Adopting a realistic approach towards the world does not consist in always reaching for a well-worn toolkit of timeless verities, nor does it consist in affecting a hard-boiled attitude so as to inoculate oneself forever against liberal enthusiasm. Realism, taken seriously, entails a never-ending cognitive and emotional challenge. It involves a minute-by-minute struggle to understand a complex and constantly evolving world, in which we are ourselves immersed, a world that we can, to a degree, influence and change, but which constantly challenges our categories and the definitions of our interests. And in that struggle for realism – the never-ending task of sensibly defining interests and pursuing them as best we can – to resort to war, by any side, should be acknowledged for what it is. It should not be normalised as the logical and obvious reaction to given circumstances, but recognised as a radical and perilous act, fraught with moral consequences. Any thinker or politician too callous or shallow to face that stark reality, should be judged accordingly.

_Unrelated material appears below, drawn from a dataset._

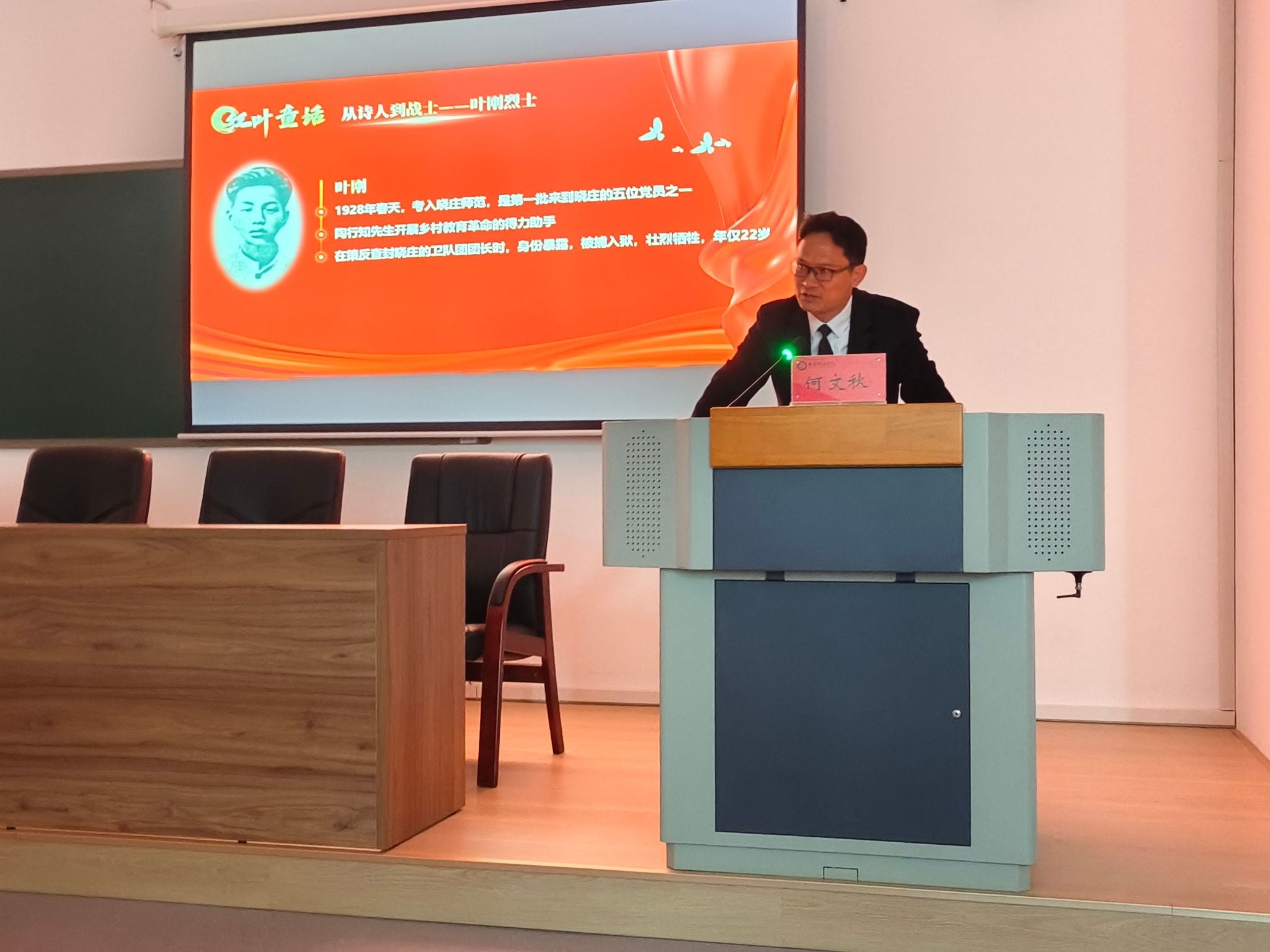 从踏进南京晓庄学院行知园的那一刻,便开启了一场穿越百年的教育思想溯源之旅。作为中国近代教育史上的伟大先驱,陶行知先生毕生致力于教育改革与乡村师范教育,提出“生活即教育、社会即学校、教学做合一”的教育理念,用一生践行“捧着一颗心来,不带半根草去”的崇高誓言,为中国现代教育留下了宝贵精神财富。南京晓庄学院陶行知纪念馆馆长何文秋以《信仰——一场穿越百年的行知实践》为主题,为全体师生讲授了一堂树立和践行正确政绩观的专题党课,结合晓庄师范的创办历史与革命传统,深情讲述了晓庄十英烈的英勇事迹,介绍了袁咨桐、叶刚、郭凤韶、徐明清等一批怀抱教育理想的青年志士,在国家危亡、民族危难之际,坚守信仰、不畏牺牲,为人民解放与教育事业英勇献身的感人事迹。何文秋指出,晓庄师范从诞生之初就流淌着红色血脉,承载着教育救国、教育为民的初心使命。陶行知先生不仅是伟大的教育家,更是一位坚定的爱国者、革命者,他所倡导的教育理念,始终与国家前途、民族命运、人民需求紧密相连。他鼓励同学们要从百年行知实践中读懂信仰的力量,树立正确的教育观、教师观、政绩观,把个人理想融入国家发展大局,把青春热血书写在三尺讲台。

I very much like this idea of Realpolitik not as a position but rather, properly understood, an aspiration. Often what people call their “realism” is simply their intellectual and moral laziness.

Perhaps related: I’ve always been slightly annoyed by the tagline of the New Criterion — “The New Criterion will always call things by their real names” — because it assumes that knowing the real names of things is easy. A better and more honest, if less resonant, tagline would be “We will always call things by their real names if we can figure out what they are.”